Store the jar somewhere cool – the ideal temperature for fermentation is around 20c (70f) – and keep a close eye on it for the first 24 hours.  Gas will be building up inside the jar, and you may need to loosen the lid to release the pressure.  Continue to check on it every 48 hours, loosening the lid each time before replacing it tightly.  If for some reason your jar leaks, mix a little more salt water together and pour it in to ensure that the cabbage remains submerged.

After 7 days, taste your Sauerkraut to see if it’s to your liking; if you prefer a stronger flavour, you can leave it to ferment for up to 21 days.  Once it’s reached the level of sourness you like, put your jar of Sauerkraut in the fridge to stop it fermenting, and start thinking about what you’d like to do with it.

Good luck, and let me know how you get on!

Have you made Sauerkraut?  What do you like to eat it with?

*You can learn more about the lacto-fermentation process at Cultures for Health.

Join the Conversation


  1. says: bavariansojourn

    I would love to make it, but I am not the biggest fan (although I do like the creamed stuff!). I think being made to eat it as a child put me off for life. I do however adore kimchi so I would happily eat that in it’s place…

    1. I would love to give kimchi a go as well now I have lost my fermentation fear 🙂 Sauerkraut is definitely a love it or hate it type thing though, isn’t it, and I think if you’re not a fan of vinegary flavours, you’re automatically out!
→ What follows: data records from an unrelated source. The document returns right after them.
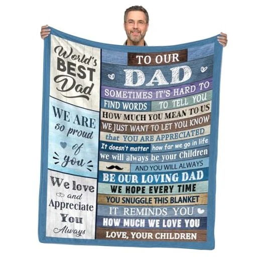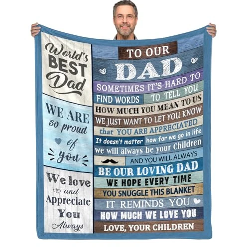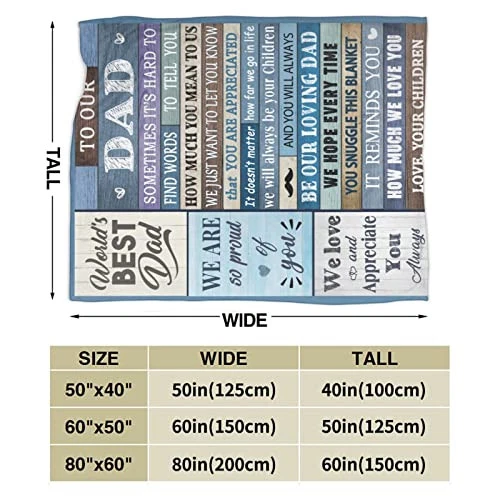Return Policy Fast Delivery Trusted seller Gifts for Dad Blanket, Dad Blanket, to My Dad Gift, Birthday Gifts for Dad, Dad Birthday, Dad Gifts from Kids Daughter Son Throw Blanket 60" X 50" -Dad Birthday Gifts Product Description AWESOME GIFT: This loving to dad blanket is a great birthday gift or fathers day gift for dad. SIZE: 60 × 50 Inches(150 × 125cm), it is suitable for both indoor and outdoor activities, make you feel better when your are relaxing on sofa or couch. MATERIAL: This blanket made of ultra-soft micro flannel, comfortable and warm, suitable for all season. OCCASIONS: Lightweight and foldable, convenient to carry. Great blanket to keep warm for reading, working, watching TV, outdoor activities like travelling, camping. ABOUT THE WASH: Easy to care, hand wash and machine washable, quick drying, durable, do not bleach. Shipping Returns Payment Shipping Shipping is FREE to all addresses other than APO/PO boxes in the lower 48 states. All our stock ships from US-based warehouses. Shipped via USPS or UPS (depending on location and package weight) Unless stated otherwise, all orders will ship within 24-72 hours of your payment being processed. Check our feedback to see the great reviews of FAST shipping we offer. Returns Seller does not accept returns Payment We currently accept payment via eBay managed payments only. Once payment is cleared, we will dispatch your shipment within 1-3 business days. Please refer to the "Shipping" tab for more information regarding shipping speed to your destination.
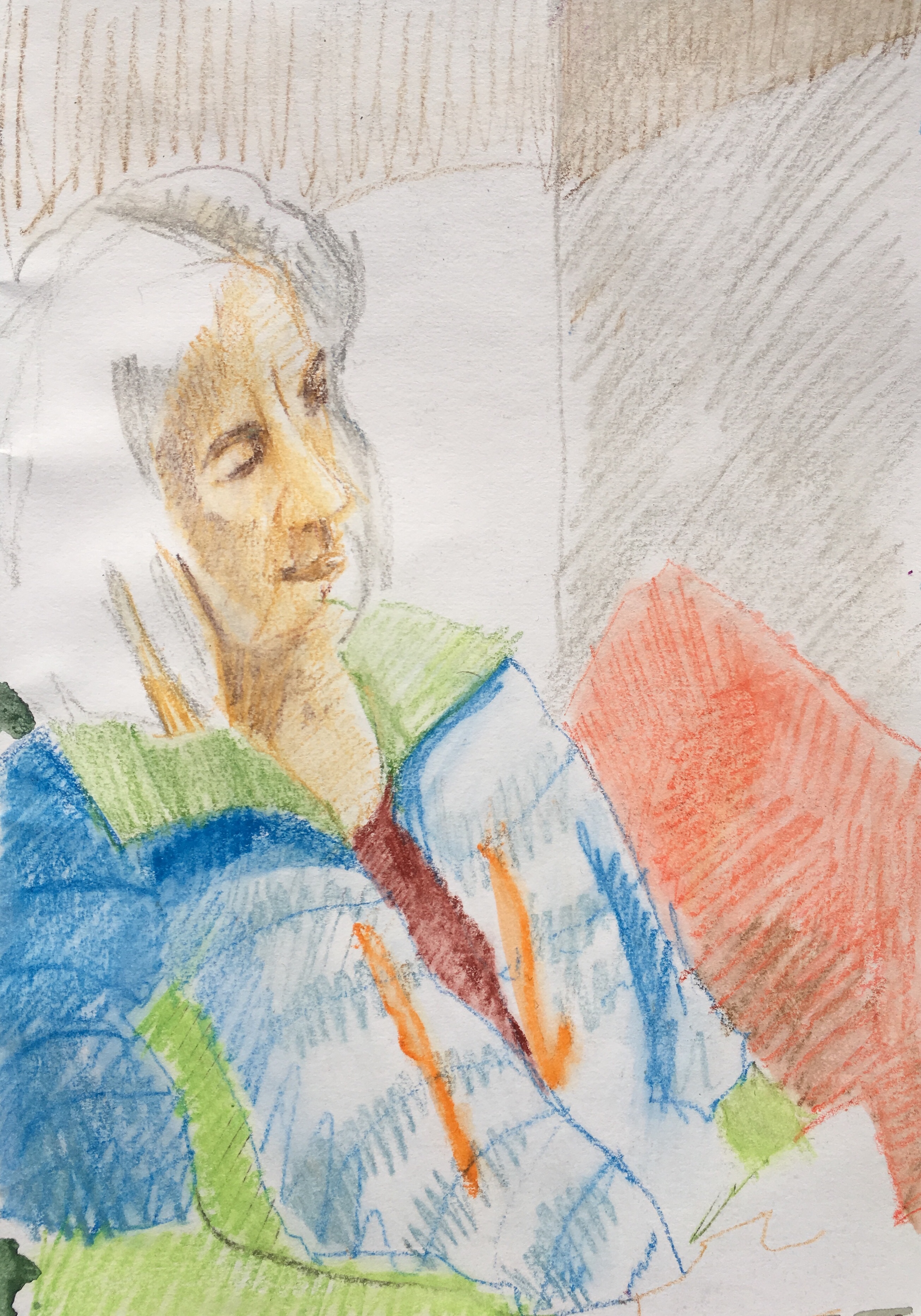 The other difficulty is straight lines. I’m learning that a smudge to indicate a door’s panelling or the shape a book on a shelf perhaps can work. This kind of inaccuracy is difficult having spent years as an architect always drawing straight lines.
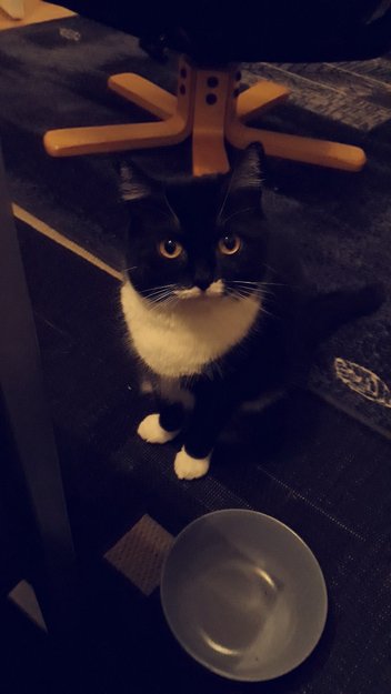 Ho er sky og redd av seg, ikkje so glad i andre menneskjer enn meg sjølv, og ho har eit kutt i toppen av venstre øyre, Ho e svart oppå ryggen, halen og hode, men hvit for munn, hals, mage og poter

  2. says: MidwestPrussian

    Kimchi has more ingredients than sauerkraut, but it’s easy and can be ready faster than its German counterpart.

    Question for you: I made two batches last year and the first came out great, but when I went to make a second, larger batch, it ended up being mush by the time I went to eat it. Do you have any thoughts as to why that was?

    1. With the disclaimer that I’m by no means an experienced fermenter, from what I’ve read, I believe mushiness can be caused either by the salt quantity being wrong or by the room temperature being too high? I think it’s something to do with it causing fermentation to start later. But I’m not sure I’d take my word for it!